Das Erstgericht wies die Klage ab, das Berufungsgericht gab der Berufung des Klägers Recht und sprach dem Kläger das begehrte Feiertagsentgelt zu. Weil in letzter Instanz der OGH jetzt Zweifel hat, ob die Sonderstellung für Angehörige der evangelischen Kirchen eine Diskriminierung des Klägers aus Gründen der Religion darstellt, habe man beschlossen, ein Vorabentscheidungsersuchen an den EuGH zu stellen, hieß es dazu am Montag seitens des Höchstgerichts. Das Verfahren vor dem OGH ist bis zum Einlangen der Vorabentscheidung des EuGH unterbrochen.

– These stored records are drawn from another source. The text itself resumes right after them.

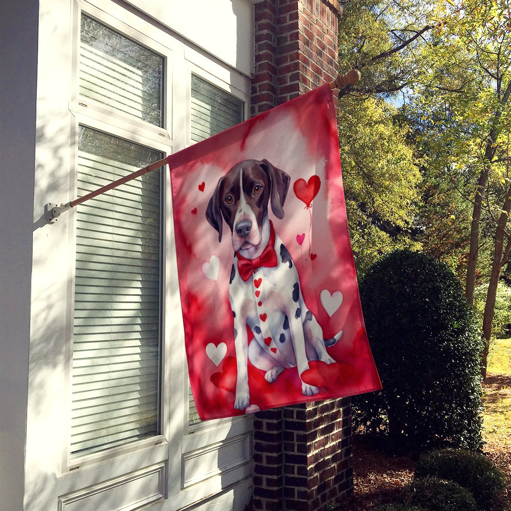 House Flag featuring breed specific Pointer artwork. Celebrate Valentine's Day with this Valentine's Day Large Flag. Presenting our Heavy Duty Polyester House Size Decorative Sleeve Pole Flag, a vibrant addition to enhance the aesthetic appeal of your home. This large decorative flag, measuring approximately 28 x 40 inches, offers ample coverage and visibility. Each flag is meticulously sewn and made individually, ensuring a unique piece that may slightly vary in size. It's a sleeve pole flag, designed to fit a standard decorative flag pole effortlessly. Please note that the flag pole and bracket are not included and should be purchased separately. What sets our flag apart is its dual-sided print. The design is mirrored on both sides of the fabric, allowing for uniform visibility regardless of the angle. Printed in full color, our flag showcases vibrant hues that truly stand out. To ensure lasting vibrancy and durability, the dyes are heat-set into the fabric. This ensures your flag remains bright and captivating through various weather conditions. Elevate the look of your home with our Heavy Duty Polyester House Size Decorative Sleeve Pole Flag!
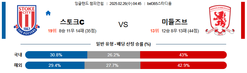 스토크시티 대 미들즈브러 잉글랜드챔피언쉽 02월26일 맞대결 생중계, 스포츠중계, 스포츠분석
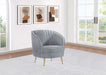 Bring mid-century charm and modern glamour to your space with this sculptural accent chair. Wrapped in soft grey velvet, it features a smooth barrel silhouette with vertical channel tufting that enhances its tailored appeal. Plush cushioning offers exceptional comfort, while gold stainless steel tapered legs provide a sleek, elevated finish. Built with a durable solid wood frame, this chair serves as a refined focal point in living rooms, bedrooms, or stylish lounge settings.
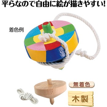 床を傷つけにくい木製軸のコマ!自由に絵を描いてオリジナルのコマを作ろう!木製のコマです。無着色なので、オリジナルのコマがつくれます。平らなので自由に絵が描きやすくなっています。丈夫な組みひもを使用しています。床が傷つきにくい木製の軸を採用しています。イベント・ワークショップにもおすすめです。

"Beachtliche Rechtsschutzlücke"
Kritik an der Vorgangsweise kommt vom evangelischen Synodenpräsidenten: Mit der EuGH-Entscheidung werde jetzt über die Religionsausübung der Evangelischen an dem für sie sehr wichtigen und für ihren Glauben äußerst bedeutenden Feiertag entschieden, ohne dass die Evangelischen Kirchen in Österreich in diesem Verfahren auch nur gehört werden, wandte Krömer ein.
Es werde in einem Rechtsstreit eines Arbeitnehmers, der keiner Kirche oder Religionsgemeinschaft angehört, gegen dessen Arbeitgeber auf Ausbezahlung von Feiertagszuschlägen am Karfreitag "ohne Mitwirkung und ohne Anhörung der Evangelischen Kirchen in Europa" letztlich entschieden, ob die Evangelischen in Österreich und Europa jeweils als Minderheitskirche den für ihre Identität essenziellen Karfreitag als Feiertag feiern dürfen oder nicht. "Hier zeigt sich eine beachtliche Rechtsschutzlücke, die der gesamten Angelegenheit einen schalen Beigeschmack gibt", so der Synodenpräsident.
Die EuGH-Entscheidung könne Auswirkungen auf die Evangelischen in Österreich, aber auch europaweit auf alle evangelischen Minderheitskirchen haben, erklärte der im Zivilberuf als Rechtsanwalt tätige Krömer und hielt fest: "Als Konsequenz des Rechtsstreits könnte der für die Identität der Evangelischen wichtige Karfreitag als gesetzlicher Feiertag auch aufgehoben werden."